Let $f\in C^1(\mathbb{R}^n\to\mathbb{R}^m)$ and let $a \in \mathbb{R}^n$
Prove there exists an open ball $B(a,\epsilon) $ such that for every $x\in B(a,\epsilon)$:
$rankD_f(a)\le rankD_f(x)$
I only know the basic definitions and don't know where to start.

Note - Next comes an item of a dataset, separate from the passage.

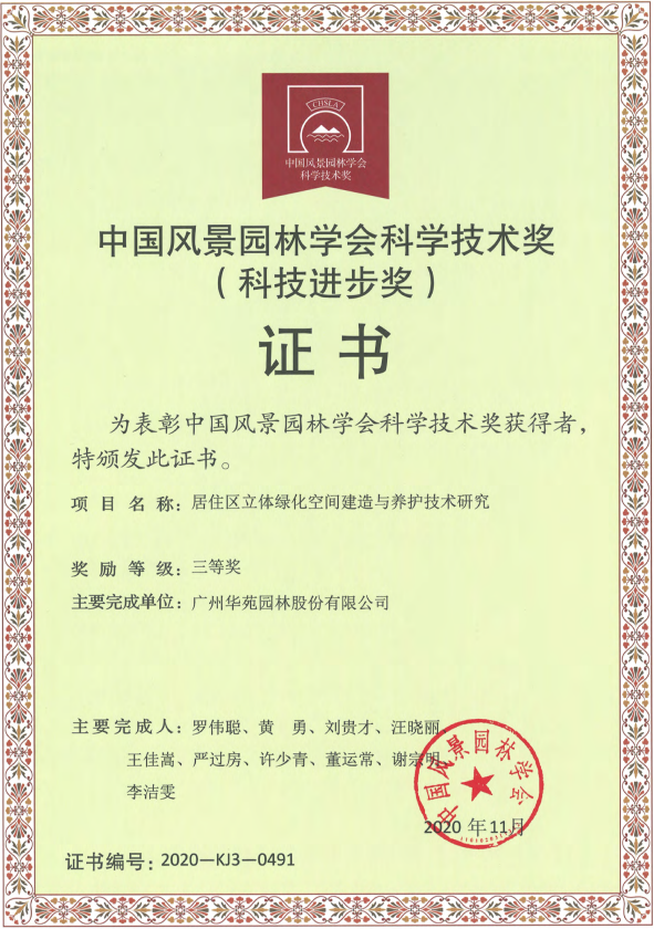 2023年中國風(fēng)景園林學(xué)會(huì)科技進(jìn)步獎(jiǎng)三等獎(jiǎng)——華南地區(qū)立體綠化適生植物選育與景觀營造技術(shù)研究及應(yīng)用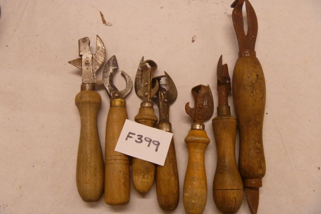 | F399 | Home | Tin opener | Tin openers - 7 various, wooden handled | ![]() |

Any help would be appreciated.
Let $k =\text{rank } Df(a)$. Let $U$ be the set of all $m \times n$ matrices with rank $\geq k$. As mentioned in the comments, $U$ is an open subset of the vector space $M_{m \times n}(\mathbb{R})$ (I'll prove this below). By assumption, $f$ is $\mathcal{C^1}$, which means $Df: \mathbb{R^n} \to M_{m \times n}(\mathbb{R})$ is continuous. Hence the preimage $(Df)^{-1}(U)$ is an open subset of $\mathbb{R^n}$ containing $a$. Thus, there is an $\varepsilon > 0$ such that for all $x \in B(a, \varepsilon)$, $Df(x) \in U$. This is exactly what we wanted to show.
Proof:
Let $A \in U$. Then, since $\text{rank}(A) \geq k$, there is some $k \times k$ minor of $A$ which has non-zero determinant. For the sake of definiteness, let's say this minor is obtained by selecting rows $(i_1, \dots, i_k)$ and columns $(j_1, \dots, j_k)$ of $A$. Now, define a "projection function" $\pi: M_{m\times n}(\mathbb{R}) \to M_{k \times k}(\mathbb{R})$, by the rule that $\pi(X)$ is the $k \times k$ minor obtained by selecting rows $(i_1, \dots, i_k)$ and columns $(j_1, \dots, j_k)$ of $X$. This projection $\pi$ is continuous. Also, the determinant function $\det: M_{k \times k}(\mathbb{R}) \to \mathbb{R}$ is continuous. So, the composition $\det \circ \pi$ is continuous. Since $\mathbb{R} \setminus\{0\}$ is open, the set $V = (\det \circ \pi)^{-1}(\mathbb{R} \setminus\{0\})$ is an open subset of $M_{m\times n}(\mathbb{R})$. By construction, $A \in V$, and $V \subset U$. Thus, we have shown that for every $A \in U$, there is an open subset $V$ of $M_{m\times n}(\mathbb{R})$ such that $A \in V \subset U$. Hence, $U$ is a union of open sets, and hence open as well.